• _TRY IT_:
Each record below is to be output with no change at all.

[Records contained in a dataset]
· · ·

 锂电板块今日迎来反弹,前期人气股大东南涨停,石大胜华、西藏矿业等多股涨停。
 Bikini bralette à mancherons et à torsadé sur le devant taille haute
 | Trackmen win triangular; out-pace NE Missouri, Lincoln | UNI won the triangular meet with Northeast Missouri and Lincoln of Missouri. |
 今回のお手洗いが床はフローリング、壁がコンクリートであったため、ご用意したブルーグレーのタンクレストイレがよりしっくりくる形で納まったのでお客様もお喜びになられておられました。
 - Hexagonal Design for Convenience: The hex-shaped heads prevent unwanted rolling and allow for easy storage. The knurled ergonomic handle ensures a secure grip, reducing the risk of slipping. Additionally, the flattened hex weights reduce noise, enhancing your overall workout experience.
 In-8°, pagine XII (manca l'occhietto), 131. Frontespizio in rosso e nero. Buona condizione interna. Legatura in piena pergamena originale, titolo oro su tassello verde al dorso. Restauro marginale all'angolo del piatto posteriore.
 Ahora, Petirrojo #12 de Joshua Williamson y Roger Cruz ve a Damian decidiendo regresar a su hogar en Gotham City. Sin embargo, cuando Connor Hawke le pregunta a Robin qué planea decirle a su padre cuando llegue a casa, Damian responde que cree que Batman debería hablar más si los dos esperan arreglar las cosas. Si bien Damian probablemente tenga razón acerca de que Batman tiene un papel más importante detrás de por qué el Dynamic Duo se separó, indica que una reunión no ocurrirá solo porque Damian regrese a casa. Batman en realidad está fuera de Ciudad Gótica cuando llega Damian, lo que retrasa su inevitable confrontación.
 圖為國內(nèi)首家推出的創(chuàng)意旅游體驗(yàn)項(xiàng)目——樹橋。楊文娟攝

· · ·

• _OUTPUT OF THE TASK_:
 锂电板块今日迎来反弹,前期人气股大东南涨停,石大胜华、西藏矿业等多股涨停。
 Bikini bralette à mancherons et à torsadé sur le devant taille haute
 | Trackmen win triangular; out-pace NE Missouri, Lincoln | UNI won the triangular meet with Northeast Missouri and Lincoln of Missouri. |
 今回のお手洗いが床はフローリング、壁がコンクリートであったため、ご用意したブルーグレーのタンクレストイレがよりしっくりくる形で納まったのでお客様もお喜びになられておられました。
 - Hexagonal Design for Convenience: The hex-shaped heads prevent unwanted rolling and allow for easy storage. The knurled ergonomic handle ensures a secure grip, reducing the risk of slipping. Additionally, the flattened hex weights reduce noise, enhancing your overall workout experience.
 In-8°, pagine XII (manca l'occhietto), 131. Frontespizio in rosso e nero. Buona condizione interna. Legatura in piena pergamena originale, titolo oro su tassello verde al dorso. Restauro marginale all'angolo del piatto posteriore.
 Ahora, Petirrojo #12 de Joshua Williamson y Roger Cruz ve a Damian decidiendo regresar a su hogar en Gotham City. Sin embargo, cuando Connor Hawke le pregunta a Robin qué planea decirle a su padre cuando llegue a casa, Damian responde que cree que Batman debería hablar más si los dos esperan arreglar las cosas. Si bien Damian probablemente tenga razón acerca de que Batman tiene un papel más importante detrás de por qué el Dynamic Duo se separó, indica que una reunión no ocurrirá solo porque Damian regrese a casa. Batman en realidad está fuera de Ciudad Gótica cuando llega Damian, lo que retrasa su inevitable confrontación.
 圖為國內(nèi)首家推出的創(chuàng)意旅游體驗(yàn)項(xiàng)目——樹橋。楊文娟攝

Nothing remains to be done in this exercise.